Start of Task input
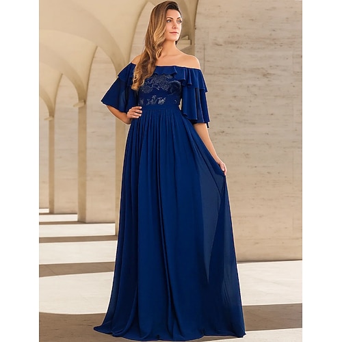 Abito da Sposa O-Line fino al Pavimento Abiti Formali Abito da Sera Abito per la Madre della Sposa Maniche Corte Spalla Scoperta Elegante Vintage Festa con Pieghe
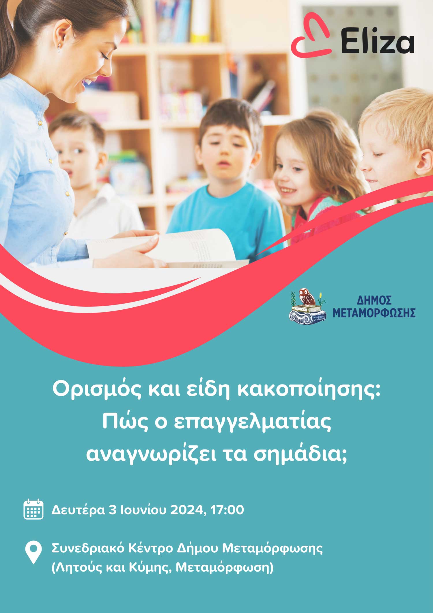 Ο Δήμος Μεταμόρφωσης και η Δ/νση Κοινωνικής Πολιτικής και Προαγωγής Δημ. Υγείας διοργανώνουν την Δευτέρα 3 Ιουνίου 2024 στις 17:00 στο Συνεδριακό Κέντρο του Δήμου (Λητούς και Κύμης), σε συνεργασία με τον οργανισμό ΕΛΙΖΑ, εκπαιδευτική εκδήλωση με τίτλο «Ορισμός και είδη κακοποίησης. Πως ο επαγγελματίας αναγνωρίζει τα σημάδια;».
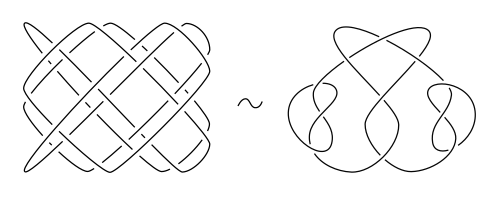 Finde ein Rechteck in der Ebene mit zwei gegenüberliegenden, von der Orientierung passenden, Kanten auf jeweils einem Knotendiagramm, das ansonsten disjunkt zu beiden Knotendiagrammen ist. -
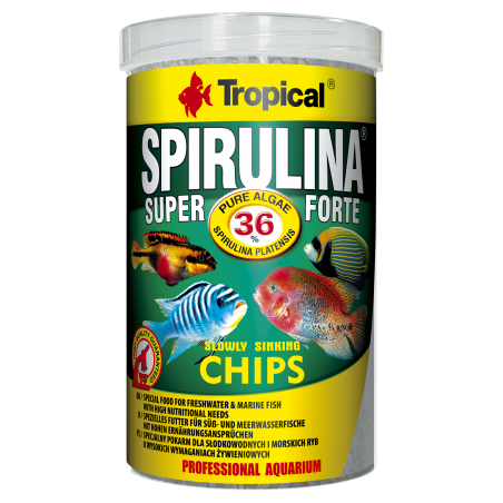 SUPER SPIRULINA FORTE CHIPS chips especiales para peces de agua dulce y salada con altas demandas nuticionales SUPER SPIRULINA FORTE CHIPS son chips que se hunden lentamente con lato contenido (36%) de alga Spirulina platensis. Particularmente recomendado para cíclidos omnívoros y herbóvoros y peces marinos con altas demandas nutricionales. Este alimento está también asequible en otra forma: Super Spirulina Forte, Super Spirulina Forte Granulat, Super Spirulina Forte Mini Granulat, Super Spirulina Forte Micro Granulat, Super Spirulina Forte Mini Sticks, Super Spirulina Forte Tablets
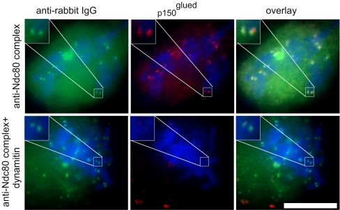 Fig. 2. Dynein/dynactin localization in cells injected with antibody to Ndc80 complex antibody and dynamitin. Cells were pretreated with MG132 (25 μM) to block mitotic exit. After injection, all cells were treated with nocodazole (50 ng/ml) for 10 min to disassemble the microtubules and enhance dynein/dynactin association with the kinetochores. The cell in the top row was injected with anti-Ndc80 complex antibodies. The cell in the bottom row was coinjected with anti-Ndc80 complex antibodies and dynamitin. Cells were labeled with anti-rabbit IgG (green) to detect the injected antibody. Cells also were labeled with mouse monoclonal antibody to the p150Glued subunit of dynactin complex (red). Chromosomes labeled with Dapi are depicted in blue in the merged image. In cells injected with only the anti-Ndc80 complex antibodies, p150Glued was found concentrated at kinetochore foci adjacent to the injected antibody signals. Coinjection of dynamitin caused loss of p150Glued concentration at kinetochores. Insets show enlarged views of selected kinetochore regions. Bar = 10 μm
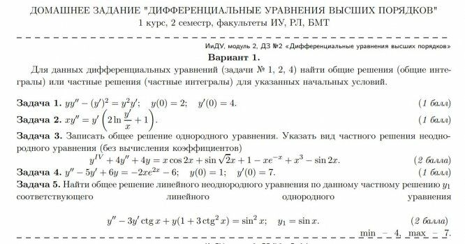 ДЗ 2: Дифференциальные уравнения высших порядков вариант 1
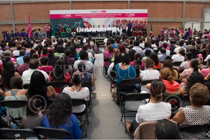 CIUDAD DE MÉXICO, 18MAYO2017.- José Ramón Amieva Gálvez, director de la secretaria de Desarrollo Social de la Ciudad, abanderó a deportistas de la comunidad lésbico gay, bisexual, travesti, transexual, transgénero e intersexuales (LGBTTTI) que viajaran en los próximos días para competir en la 4ta. edición de los World Out Games 2017 en Miami. FOTO: SELENE PACHECO /CUARTOSCURO.COM
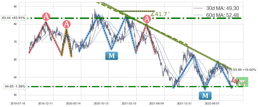 ♘ 阻力价格位44.65,可信任强度74.41%,距离最后交易2022-08-12形成的收盘价格45.37相差 -1.59%
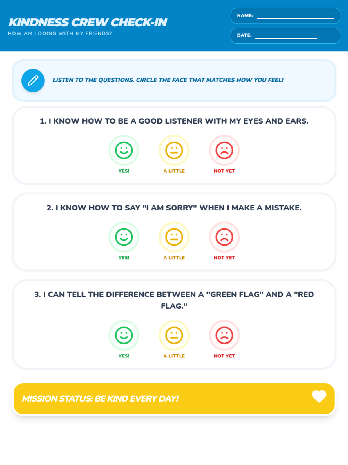 A pre- and post-test designed to measure student growth in identifying friendship traits, using communication tools, and applying conflict resolution strategies.
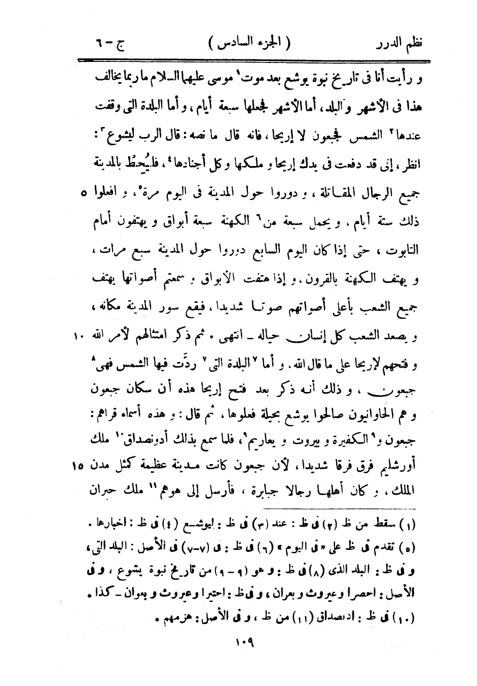 ثم ذكر امتثالهم لأمر الله وفتحهم لإريحا على ما قال الله، وأما البلدة التي ردَّت فيها الشمس فهي جبعون، وذلك أنه ذكر بعد فتح إريحا هذه أن سكون جعبون وهم الحاوانيون صالحوا يوشع بحيلة فعلوها، ثم قال: وهذه أسماء قراهم: جبعون والكفيرة وبيروت ويعاريم، فلما سمع بذلك أدونصداق ملك أورشليم فرق فرقاً شديداً، لأن جبعون كانت مدينة عظيمة كمثل مدن الملك، وكان أهلها رجالاً جبابرة، فأرسل إلى هوهم ملك حبران -
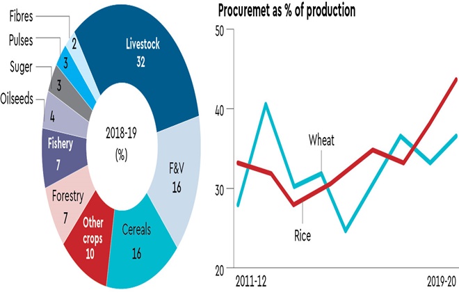 Over time, however, demand has changed; the climate has become variable, and the aspirations of farmers have risen. It is time to focus on farmers’ incomes, sustainability and nutrition. Some of this has happened already. Changes in markets and production are reflected in the composition of the gross value of output in agriculture and allied sectors. The ‘MSP crops’ (mainly, cereals, oilseeds, pulses and fibres) add up to only 25% of the value (2018-19). Farmers who produce the other 75% (mostly perishables) are dependent on the market and its price fluctuations.
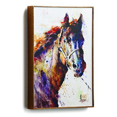 Solid ash wood frame surrounds the canvas print. A brass medallion on the art work above the signature has the artists Initials. 8.25W x 12.25H. Sawtooth hanger. Print displays on a table, shelf, or wall. From the big sky carvers Dean Crouser collection of wall art and stoneware.Feature
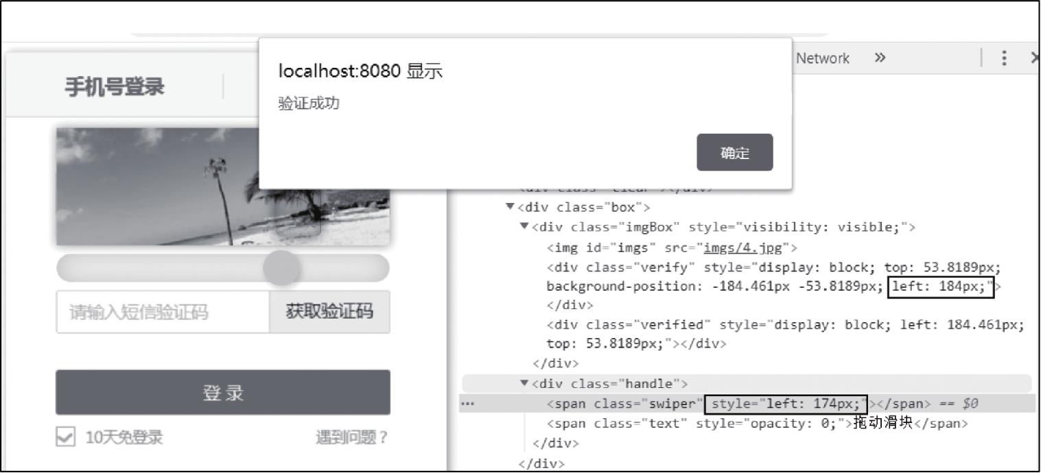 (3)拖动按钮滑块,完成滑动拼图验证码的校验,此时将显示如图1.14所示的HTML代码。
End of Task input
**The problem**
Give again exactly the lines from the one holding "Over time, however, demand" to the final line of the records, both ends included, and nothing more. Pictures do not belong in the copy.

**Completed task**
 Over time, however, demand has changed; the climate has become variable, and the aspirations of farmers have risen. It is time to focus on farmers’ incomes, sustainability and nutrition. Some of this has happened already. Changes in markets and production are reflected in the composition of the gross value of output in agriculture and allied sectors. The ‘MSP crops’ (mainly, cereals, oilseeds, pulses and fibres) add up to only 25% of the value (2018-19). Farmers who produce the other 75% (mostly perishables) are dependent on the market and its price fluctuations.
 Solid ash wood frame surrounds the canvas print. A brass medallion on the art work above the signature has the artists Initials. 8.25W x 12.25H. Sawtooth hanger. Print displays on a table, shelf, or wall. From the big sky carvers Dean Crouser collection of wall art and stoneware.Feature
 (3)拖动按钮滑块,完成滑动拼图验证码的校验,此时将显示如图1.14所示的HTML代码。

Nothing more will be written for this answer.